Dataset extract:
"""
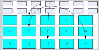 如图,假设某一个文件的权限与属性数据放置到inode 4号下(小方格)而这个inode记录了文件数据的实际放置点为2,7,13,15这4个block号码,此时我们的操作系统就能够据此来排列磁盘的阅读顺序,可以一下子将4个block内容读出来。
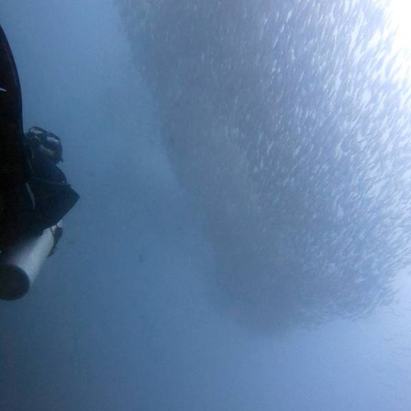 我们结束了今天的三潜,本来应该是在水下做水底导航的,但是流大做导航是回不来的,所以没办法,今天只可以练习中性浮力 和水下摄影和大深度,我们已经完成了深度潜,比较庆幸的是潜了30米无氮醉,很幸运对吧。
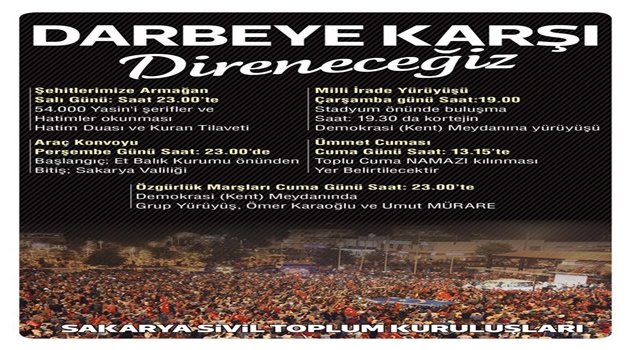 Sakarya Sivil Toplum Kuruluşları, hezimete uğrayan darbe girişimine karşı Demokrasi Meydanı’nı direnişin merkezi haline getirecek faaliyetlere imza atacak. STK’ların ortaklaşa yaptığı bildiride teyakkuz içerisinde direnişin süreceği kaydedilirken, 20 Temmuz Çarşamba günü geniş katılımlı bir yürüyüş gerçekleştirileceği duyuruldu.
"""
What you are asked to do:
Reproduce the material in full, word for word, and omit the pictures.

Answer to this exercise:
 如图,假设某一个文件的权限与属性数据放置到inode 4号下(小方格)而这个inode记录了文件数据的实际放置点为2,7,13,15这4个block号码,此时我们的操作系统就能够据此来排列磁盘的阅读顺序,可以一下子将4个block内容读出来。
 我们结束了今天的三潜,本来应该是在水下做水底导航的,但是流大做导航是回不来的,所以没办法,今天只可以练习中性浮力 和水下摄影和大深度,我们已经完成了深度潜,比较庆幸的是潜了30米无氮醉,很幸运对吧。
 Sakarya Sivil Toplum Kuruluşları, hezimete uğrayan darbe girişimine karşı Demokrasi Meydanı’nı direnişin merkezi haline getirecek faaliyetlere imza atacak. STK’ların ortaklaşa yaptığı bildiride teyakkuz içerisinde direnişin süreceği kaydedilirken, 20 Temmuz Çarşamba günü geniş katılımlı bir yürüyüş gerçekleştirileceği duyuruldu.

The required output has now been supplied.